From RH Jones, February 1, 2013
To all:
Re: like superintendents, union leaders' salaries are higher than salaries of active teachers in their districts and in retirement their pensions are greater than theirs, as well.
Please read this post from the bottom up to the top. As a retired elementary teacher, I strongly support retired Supt. Dennis Leone in his honorable quest for a seat on the STRS board. Over his years of board service, I can most honestly say that Dr. Leone has been consistently on the side of retired and active teachers. After all, his (late) father was a retired educator and his lovely daughter is an active teacher. For those two reasons alone, you can most certainly conclude that his best interest is to represent these two loved ones. And we retired members have greatly benefited well as the active educator members of our STRS. Because of Dr. Leone's past service, more of STRS dollars have been available to fund our pension.
The OEA and ORTA, in their non-support of Dr. Leone's candidacy, in an indirect way have supported those board members of the past which misused, misdirected, and incompetently caused, to a large extent, losses of our STRS investment capital.

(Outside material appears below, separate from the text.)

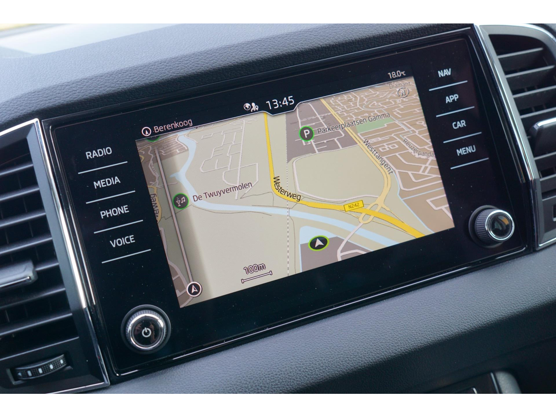 Zo'n lekkere jonge auto heeft natuurlijk leuke extra's, zoals remote services. Met een speciale app maakt u overal verbinding met de auto. Zo kunt u functies activeren en controleren. U kunt het audiosysteem met DAB-ontvangst en het navigatiesysteem met harde schijf bedienen met de knoppen op het stuur of zelf met uw stem. Automatische airconditioning regelt volautomatisch de temperatuur. U kiest de gewenste temperatuur en het systeem doet de rest. Achter het stuur van deze Skoda bent u niet alleen. De auto kijkt als het ware met u mee tijdens de rit. De regensensor schakelt de ruitenwissers in als het nodig is en de automatisch inschakelbare verlichting doet de lichten voor u aan. De cruise control levert een mooie, gelijkmatige koers. Dat rijdt prettig. Wat u ook in deze auto kunt vinden zijn automatisch dimmende binnenspiegel, lederen stuur, centrale deurvergrendeling met afstandsbediening, boordcomputer en lederen versnellingspook.

These losses have particularly negatively affected retired teachers who are lower down the salary scale than superintendents and union leaders.
To me, Dr. Leone is an STRS board retired teacher emeritus because of his special fight to protect the oldest retired teachers among us.
My opinion,

Thursday, January 31, 2013

Attention Summit and Portage County retirees.....
If you would like to sign a petition to get Dennis Leone's name on the ballot for the upcoming STRS Board election, here's your chance.
Please contact Debbie Rudy-Lack: or 330-562-9852.
Debbie will be happy to meet you in either county between now and Feb. 17 to sign a petition.

Tuesday, January 29, 2013

Another OEA official artfully dodges the questions!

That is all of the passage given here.